It is to be further noted that the consideration is entire. It was to be a sum equal to 25 cents for each entry, not a separate price for different portions of the work. T.he insertion of tbe price per unit of work in the contract was merely for the purpose of furnishing a measure whereby to compute the whole contract price. In such cases the contract is entire. See 13 C. J., Contracts, § 528.
In regard to the Beall classification and index system the same considerations are applicable. The consideration for this is entire. The price of the various items composing the work are inserted merely as a measure whereby to compute the whole contract price. The whole system was designed, according to the terms of the conrtact, for the use of the tax assessor of the county. The parties could have had, under the circumstances, no intention to furnish on the one side, or to receive on the other, anything less than a completed system. They contracted for the whole, and the contract must be held to be entire.
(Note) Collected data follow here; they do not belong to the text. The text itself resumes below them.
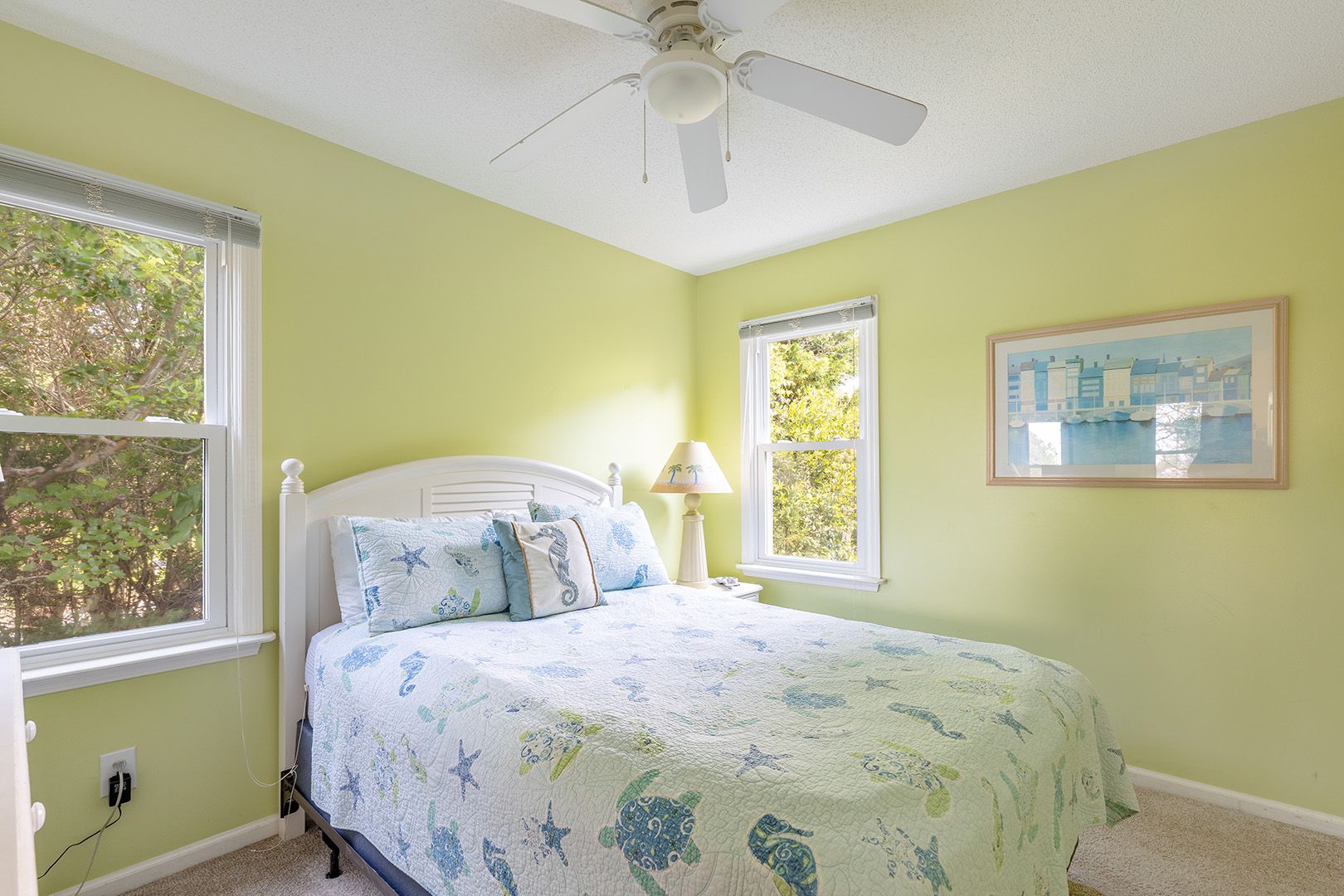 Level Two: Bedroom #2 has two Twin Beds, a Twin Daybed (Daybed has Twin Trundle - linens not provided for Trundle), and a door leading to the Uncovered Deck. Bedroom #3 has a Double Bed. A Full-Bath connects Bedrooms #2 and #3.
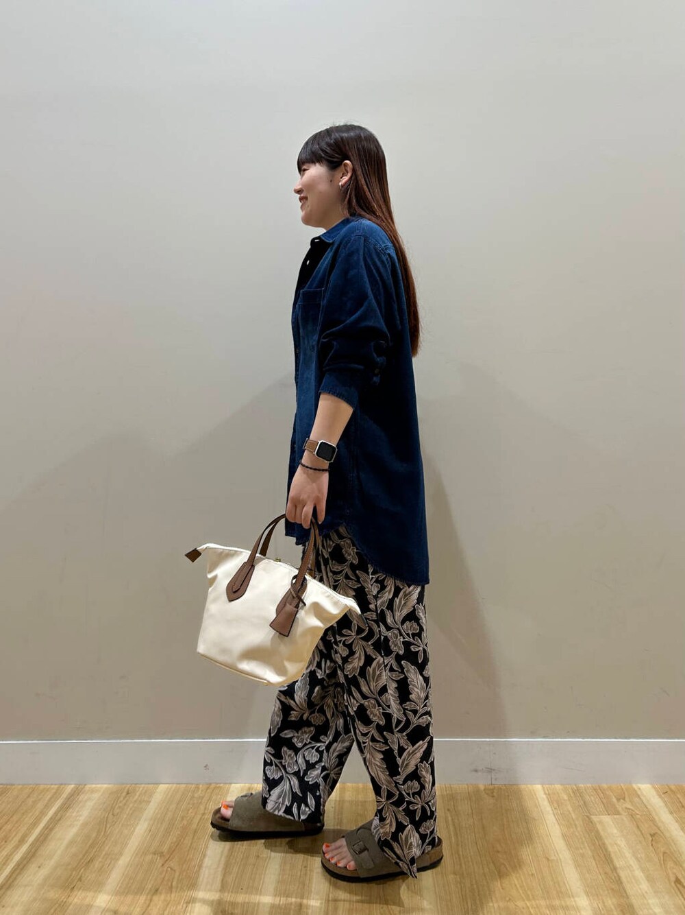 リネンのワイドパンツはお色味落ち着いてるので晩夏のコーディネートにももってこいです^^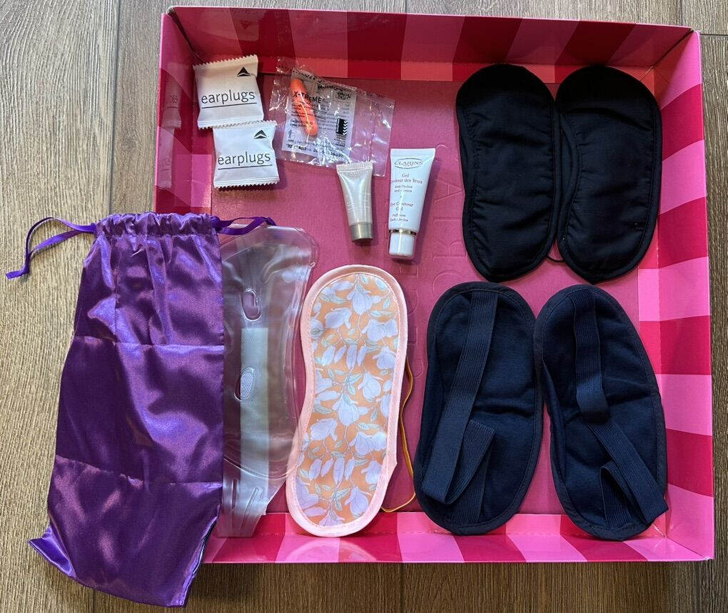 (6) Six Eye Masks, (3) Three Ear Buds, Eye Gel, Concealer + Bag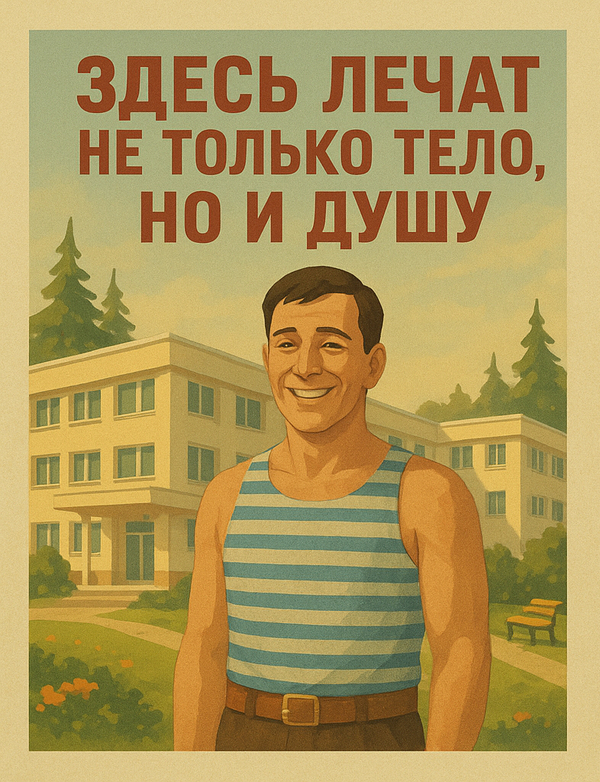 Style: mid-poly / low-poly stylized realism Lighting: soft morning or late afternoon sunlight, warm tones, long shadows Color palette: warm white, pale yellow, light blue, soft green, natural wood Mood: peaceful, optimistic, therapeutic, nostalgic Soviet atmosphere Details: pine forest, benches, garden paths, blooming flowers, wide balconies, large windows, flags or health posters, clean building facade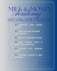 Earn while you learn with our affiliate program. You’ll have the opportunity to promote Milk & Money Academy for 85% profit; meaning your $497 investment can pay for itself fast and then some.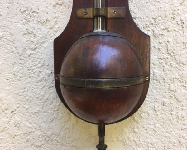 A simple round top solid mahogany stick barometer with "ivorine" plates and vernier, and alcohol thermometer. The maker is Aronsberg & Co. of Liverpool. Typical of many barometers made at this time in the late 19 th century out of solid oak, mahogany or rosewood. This one has an attractive look, with both the wood and the plates in good condition, and a nice color.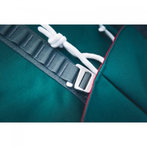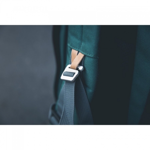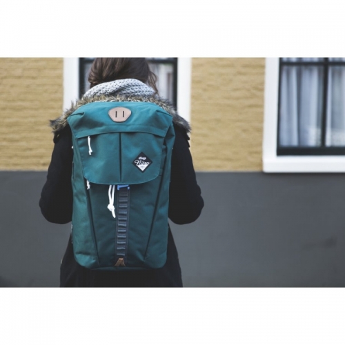 Textilní batoh. Objem 28L. Vypolstrovaná kapsa na 15" notebook s bočním vstupem, vypolstrovaná kapsa na tablet, hlavní kapsa uzavíratelná na šňůru, přes je "chlopeň" s kapsou, která se zapíná na kovový háček. Další kapsy na a pásky z veganské kůže. Rozměry přibližně 46 x 28 x 16 cm. Materiál 600D polyester, hmotnost 600 g. .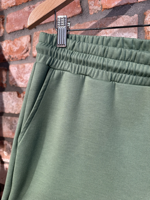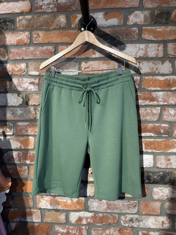 Short van Zhenzi in een heerlijke zachte stretch stof. Het broekje heeft een elastische band met tunneltje, steekzakken en een langere pijp. Draag met het bijpassende shirt voor een sportieve maar comfortabele look. Verkrijgbaar in groen en camel.
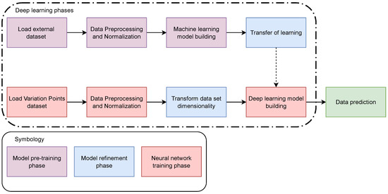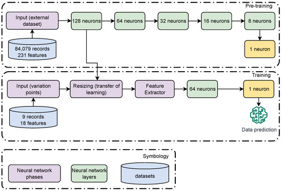 Finally, we build a deep neural network model using the extracted features for the small dataset. The network has several dense layers with different sizes and activation functions to train the model with the training data from the set of variation points. After training the neural network, we perform a regression-type prediction for all the variation points obtained from the permutation of features and their relationships. Figure 7 presents the training phases of deep learning training in the transfer of learning.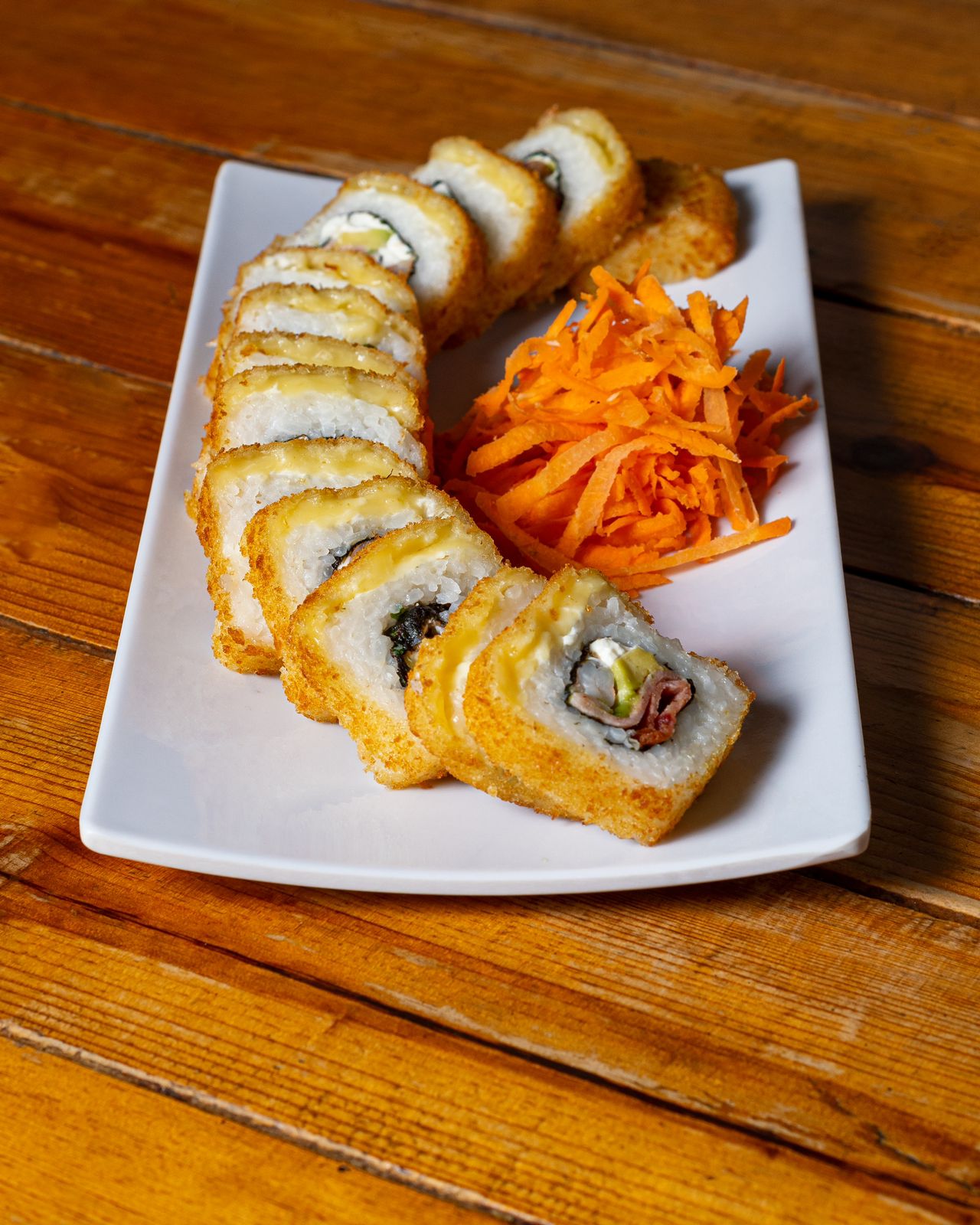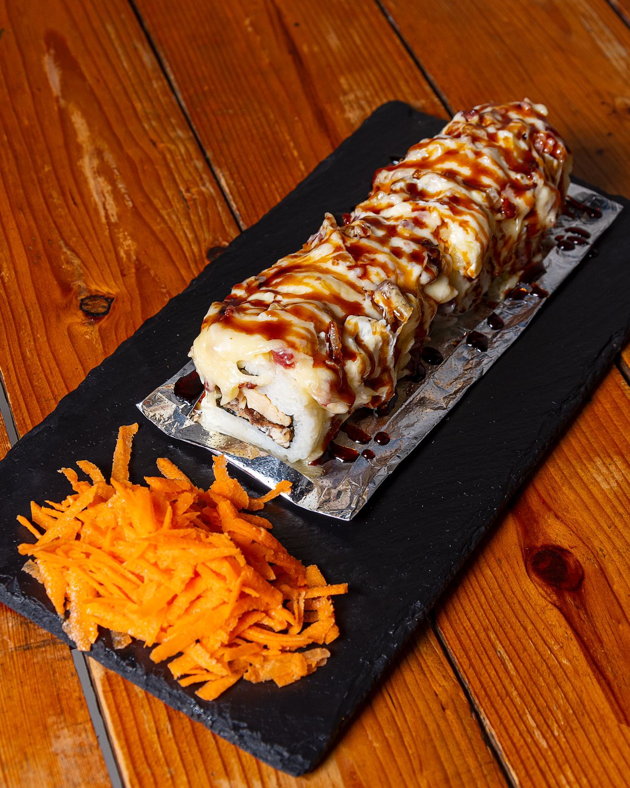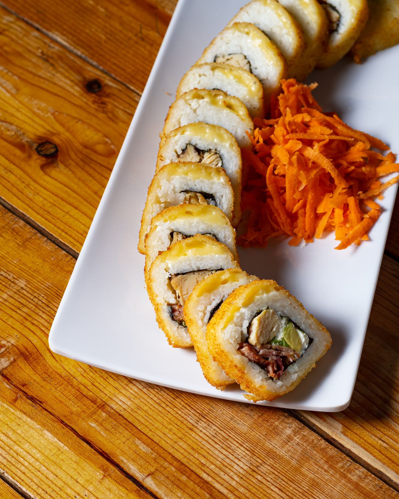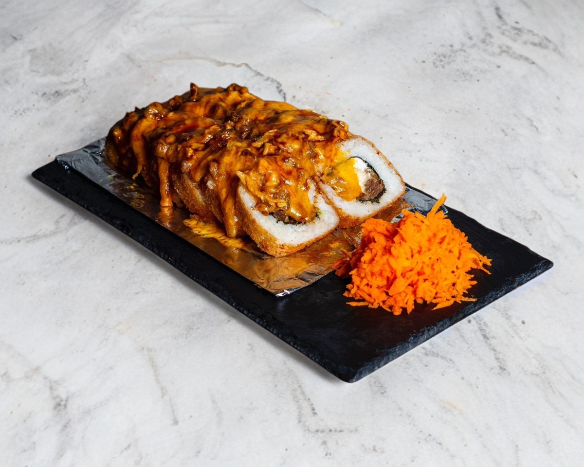 Rollo empanizado, por dentro: alga, Philadelphia, aguacate, res y pollo, por fuera, horneado con queso spicy, camarón empanizado en tiras, decorado con salsa de anguila.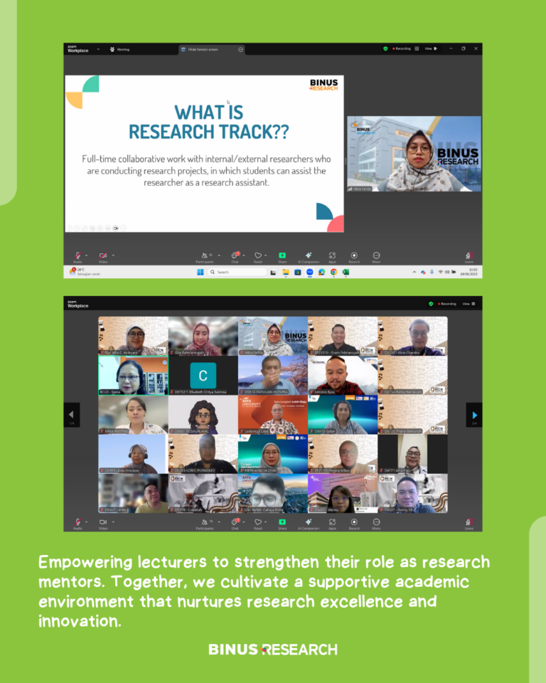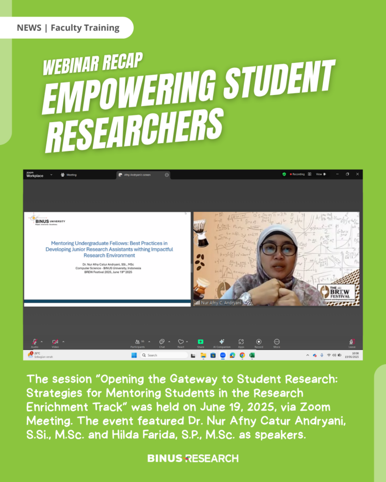 Kegiatan “Buka Gerbang Riset untuk Mahasiswa: Strategi Membimbing Mahasiswa di Enrichment Track Riset” diselenggarakan pada Kamis, 19 Juni 2025 secara daring melalui Zoom Meeting. Kegiatan ini menghadirkan Dr. Nur Afny Catur Andryani, S.Si., M.Sc. (Doktor Computer Science dan Peneliti di Bidang Teknologi Kesehatan BINUS University) dan Hilda Farida, S.P., M.Sc. (Research Enrichment Section Head BINUS University) sebagai narasumber, yang berbagi strategi membimbing mahasiswa dalam memilih jalur riset mereka. Melalui sesi ini, para peserta mempelajari bagaimana cara merancang strategi pendampingan yang efektif, meningkatkan kompetensi riset mahasiswa, serta menghasilkan luaran penelitian yang lebih berkualitas untuk mendukung pengembangan kapasitas riset di lingkungan akademik.

There is a harshness about the result reached, as above, which must appeal to all fair-minded persons. The county sat by for nearly a year and saw appellants expend large sums of money for materials and labor under a contract which it had executed. If any principle of law could be invoked whereby a recovery by appellants could be had, it should, we feel, be applied. But we know of no such principle. The appellants contracted with a municipal subdivision of the state and were bound to take notice of the limitations upon its powers. They have no right of recovery upon the contract, nor upon a quantum meruit, or quantum valebat, because the contract is invalid and entire. Their only remedy is to retake the property. See 19 R. C. L. Munic. Corp. § 352; City of Bardwell v. Southern Engine & Boiler Works, 130 Ky. 222, 113 S. W. 97, 20 L. R. A. (N. S.) 110 and note.
It follows that the judgment of the district court was correct and- should be affirmed, as we held in the first instance, and it is so ordered.